> _Provided material_
+---+

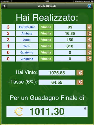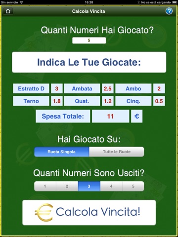 Limpiego di Calcolatore Vincite Lotto è molto semplice e intuitivo: inserisci quanti numeri hai giocato, quanti euro hai giocato per ogni combinazione, se hai giocato su ruota singola o su tutte le ruote e quanti numeri sono usciti e lapplicazione ti dirà quanto hai vinto al netto delle tasse che si pagano allo stato.
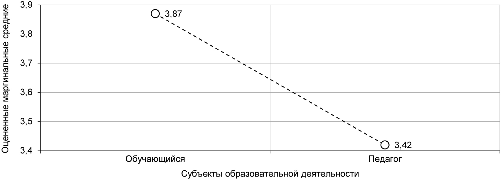 Представленные на рис. 5 и рис. 6 оценки проанализированы с помощью программы «IBM SPSS Statistics 23», которая сгенерировала данные по результатам однофакторного дисперсионного анализа с зависимой переменной «оценка потенциальной эффективности получения нескольких квалификаций» и с независимой переменной «профессия» с градацией «педагог» и «обучающийся». Согласно профилю (см. рис. 7), оценка эффективности возможного получения студентами нескольких квалификаций при освоении программ базового высшего образования по результатам анализа выше у обучающихся (3,87 балла – «очень эффективно»), чем у педагогов (3,42 балла – «эффективно») на высоком уровне статистической значимости (F-критерий = 20,458; значимость p ≤ 0,001). Более высокая оценка обучающимися обусловлена их понятным стремлением освоить больше квалификаций и более высокой мотивацией.
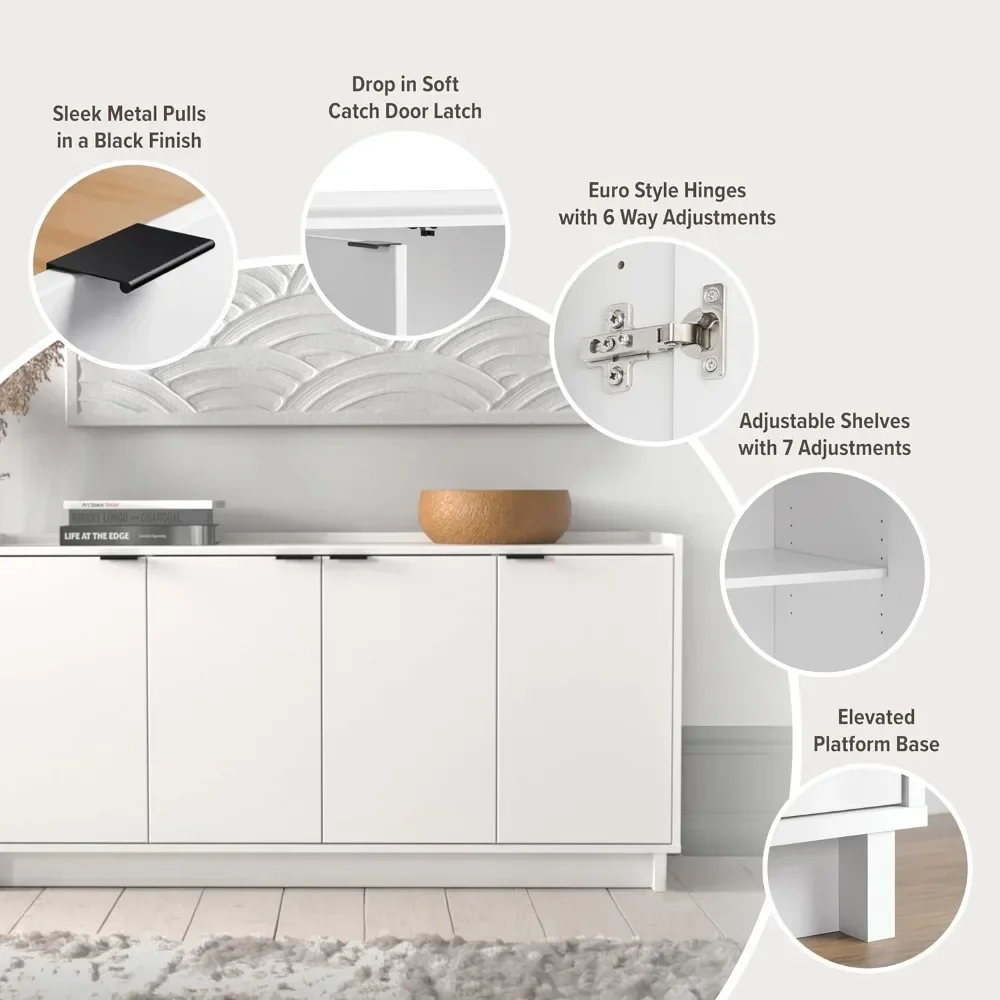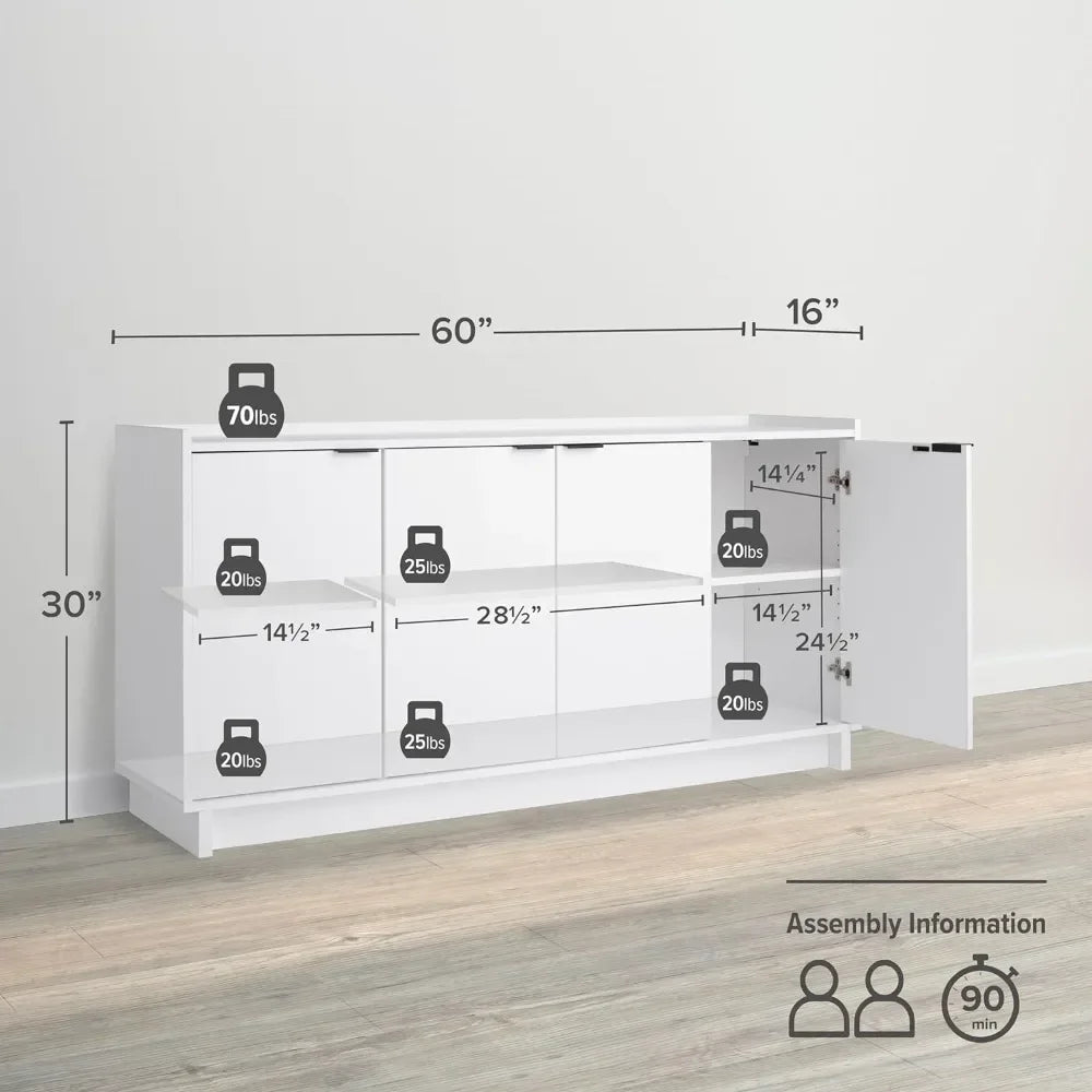 Sideboard Storage Cabinet Cabinets for Living Room Furniture for Kitchen Simply Modern 4 Console Table White Doors and Shelves

+---+

> _Exercise prompt_
Set down all of the material word for word, minus its pictures.

> _Response box_
 Limpiego di Calcolatore Vincite Lotto è molto semplice e intuitivo: inserisci quanti numeri hai giocato, quanti euro hai giocato per ogni combinazione, se hai giocato su ruota singola o su tutte le ruote e quanti numeri sono usciti e lapplicazione ti dirà quanto hai vinto al netto delle tasse che si pagano allo stato.
 Представленные на рис. 5 и рис. 6 оценки проанализированы с помощью программы «IBM SPSS Statistics 23», которая сгенерировала данные по результатам однофакторного дисперсионного анализа с зависимой переменной «оценка потенциальной эффективности получения нескольких квалификаций» и с независимой переменной «профессия» с градацией «педагог» и «обучающийся». Согласно профилю (см. рис. 7), оценка эффективности возможного получения студентами нескольких квалификаций при освоении программ базового высшего образования по результатам анализа выше у обучающихся (3,87 балла – «очень эффективно»), чем у педагогов (3,42 балла – «эффективно») на высоком уровне статистической значимости (F-критерий = 20,458; значимость p ≤ 0,001). Более высокая оценка обучающимися обусловлена их понятным стремлением освоить больше квалификаций и более высокой мотивацией.
 Sideboard Storage Cabinet Cabinets for Living Room Furniture for Kitchen Simply Modern 4 Console Table White Doors and Shelves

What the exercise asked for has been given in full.